In Spain, a crackdown on Basque separatists

Times Staff Writer

Amid a bitterly divisive campaign for next month's national elections, the Spanish government is cracking down on Basque separatists and their potential ballot-box voice with a string of arrests and the banishing of political parties.

The police and judicial actions underscore a sobering backdrop to the March 9 elections: the collapse of a landmark truce with the armed Basque organization ETA that had appeared to have ended the decades-old conflict. There are no negotiations or other prospects for peace on the horizon.

That will exacerbate tensions in the contest for a new parliament and prime minister, elections already threatened by possible violence, according to officials. Three days before the last national elections here, in 2004, Islamic militants killed nearly 200 people in the deadliest terrorist attack in continental Europe in recent years.

Spanish authorities this week arrested 14 people suspected of being members of ETA's political wing, a banned party called Batasuna.

Acting on a request from the government of Prime Minister Jose Luis Rodriguez Zapatero, a high court judge, Baltasar Garzon, directed a series of nighttime raids rounding up the suspects. On Wednesday, Garzon interrogated the 14, who are suspected of attempting to reconstitute the leadership of Batasuna, which was largely dismantled late last year.

Garzon ordered 11 of the 14 to be imprisoned pending charges; the other three were released on bail.

In a separate move, Garzon also slapped crippling restrictions on two other Basque parties -- Basque Nationalist Action, or ANV, and the Communist Party of the Basque Lands, or PCTV -- because of alleged ties to Batasuna. They are barred from political activity for three years and their bank accounts frozen -- meaning, among other things, that they cannot field candidates in next month's elections.

The PCTV has nine lawmakers in the Basque Country's regional parliament, and dozens of city council members are aligned with the ANV. All will be allowed to keep their posts for now but cannot campaign as a party.

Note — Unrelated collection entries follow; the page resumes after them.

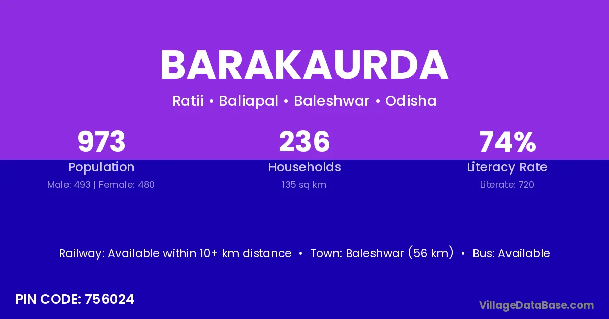 Baleshwar (56 km) is the nearest town to Barakaurda village for major economic activities and is located approximately 56 km away.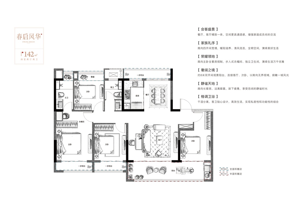 春启风华建面约142m² 4室2厅2卫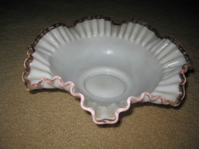 Vintage Fenton Pink Crest Milk Glass Bowl Epergne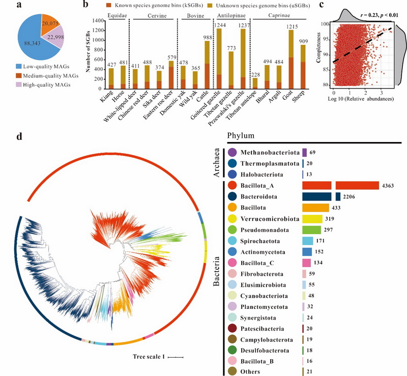 中國科學(xué)院西北高原生物研究所動(dòng)物生態(tài)與資源保護(hù)研究團(tuán)隊(duì)以中國境內(nèi)奇蹄目(Perissodactyla)和鯨偶蹄目(Cetartiodactyla)17個(gè)常見有蹄類物種為研究對象,通過大規(guī)模宏基因組測序和組裝、分箱和注釋,獲得131,416個(gè)宏基因組組裝基因組(MAGs),其中包含22,998個(gè)高質(zhì)量MAGs和11,175個(gè)菌種水平基因組(SGBs),成功構(gòu)建了中國典型有蹄類物種的腸道微生物宏基因組圖譜,其中60%左右的SGBs為本研究首次報(bào)道。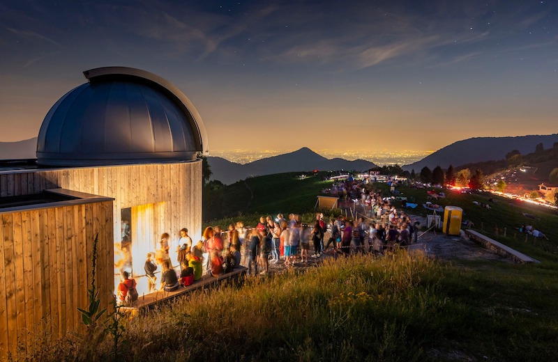 Un tramonto da favola ha poi galvanizzato l’attesa per accedere per la prima volta in esclusiva alla visita parziale del nuovo Osservatorio/Planetario dove da pochissimi giorni è stato installato un nuovo telescopio da 70 cm Officina Stellare completo di astrografo 20cm Artesky su montatura AZ6000 10Micron. “Due aziende italiane, la seconda Brianzola, divenute leader mondiali in pochi anni grazie alla grande passione dei titolari. Per evitare l’interminabile coda che si sarebbe formata moltissimi erano già ai cancelli prima che facesse buio”.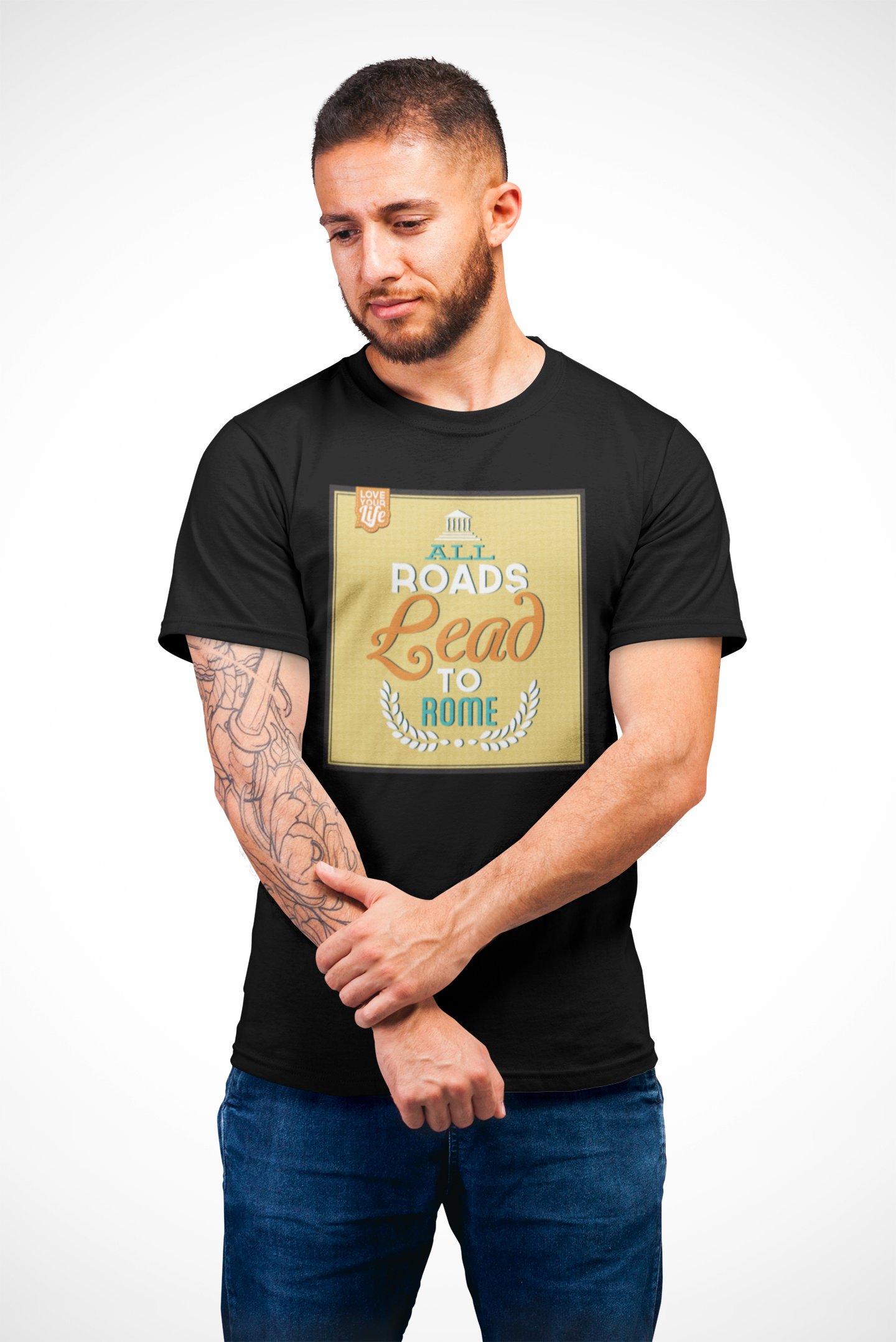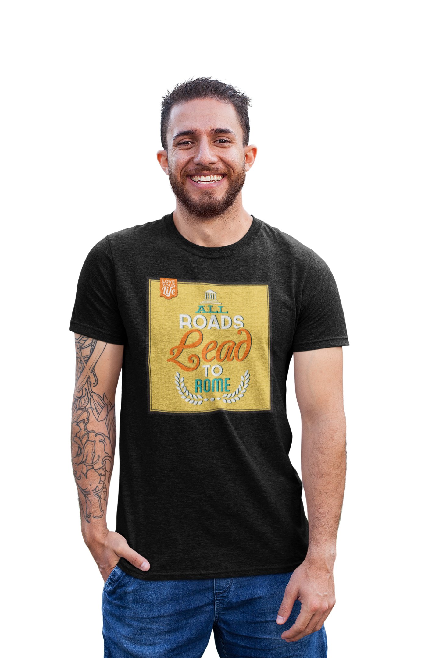 All roads lead to rome (yellow) -round crew neck cotton tshirts for men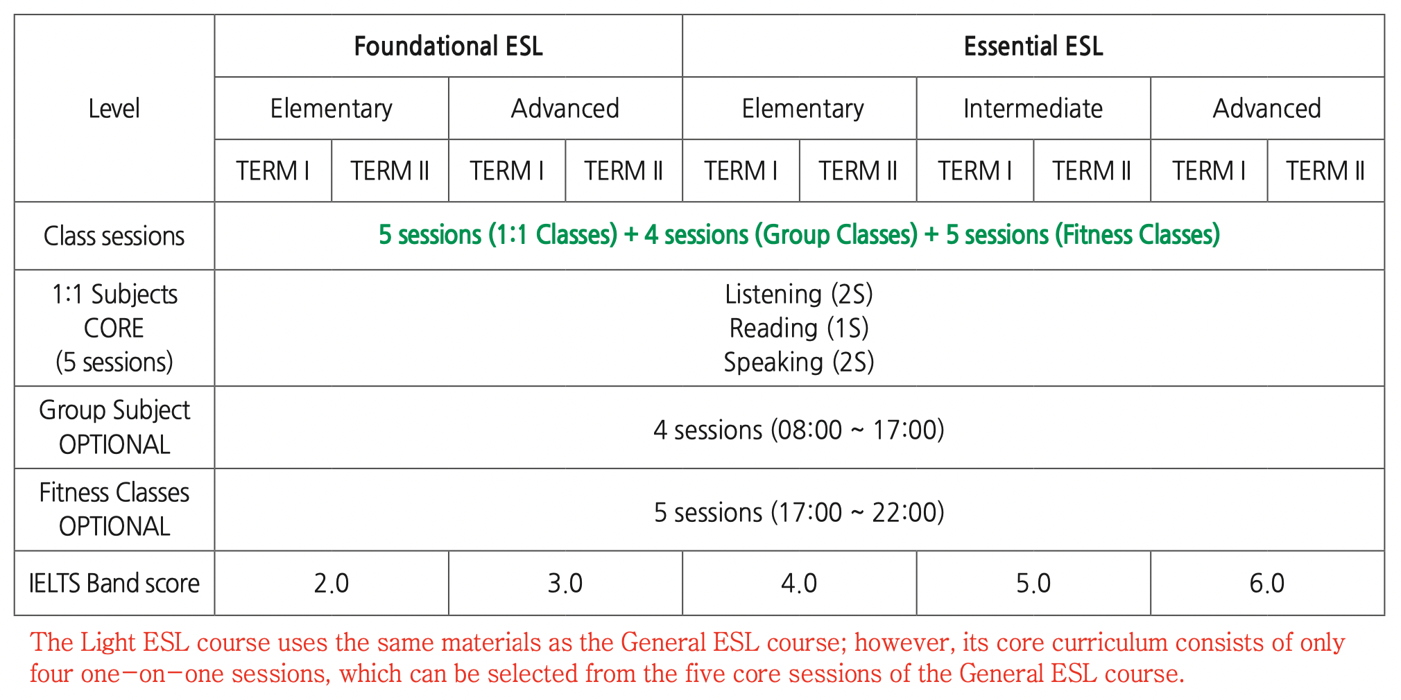1) General ESL หลักสูตรการเรียนภาษาอังกฤษเพื่อการใช้งานทั่วไป

Spanish judicial officials maintain that the two parties are fronts for ETA, giving the independence movement a voice in civilian politics. Evidence being used by Garzon's office includes bank records that purportedly show the two parties giving money to Batasuna officials.

The crackdown was met with angry street protests by several thousand demonstrators and several nights of vandalism, small bombs and burned public property in major Basque cities. Batasuna called a general strike for today.

"Zapatero, with these policies of illegalization, is telling us that it is impossible to work through politics," Batasuna said in a statement published Wednesday in the Basque newspaper Gara.

Although few Spaniards would doubt that the Batasuna leadership is guilty of being allied with ETA, the timing of the government's actions raises questions. Zapatero is running for reelection and has invested much political capital in trying to make peace with ETA, only to be frustrated. Observers say he is keen now to show himself especially tough in his handling of the "terrorist band," as he calls ETA, and all of its allies.

"There's a sense that whatever evidence they have against the parties, they've had it for a long time, and that they have used it now, ahead of elections, for political reasons," Paul Rios, national coordinator of Lokarri, a Basque civil rights organization, said in a telephone interview from the Vizcaya area of the Basque Country.

"A lot of Basque society has taken a step beyond this," Rios said. "They are telling ETA and the Spanish government that [the armed conflict] is a thing of the past, and they want solutions for their daily lives."

ETA, an acronym for Euskadi Ta Askatasuna, or Basque Homeland and Freedom in the Basque language, has been fighting for an independent Basque nation since the late 1960s. More than 800 people have been killed.

But with its leadership depleted and its followers exhausted, ETA in March 2006 declared for the first time a "permanent" cease-fire, and the war finally appeared to have ended. Nine months later, however, ETA militants exploded a bomb in a parking garage at Madrid's international airport, killing two people, and the peace process quickly unraveled.

Zapatero continued to pursue dialogue for a brief time, but hundreds of thousands of people who coursed through Madrid streets in protest convinced him that there was no goodwill for ETA. He has adopted a harder line ever since.

"The losers undoubtedly are ETA," Zapatero told an interviewer this week. "ETA lost a new opportunity that the democracy gave it," he said, adding that "there is no possibility" of renewing talks with ETA in the foreseeable future.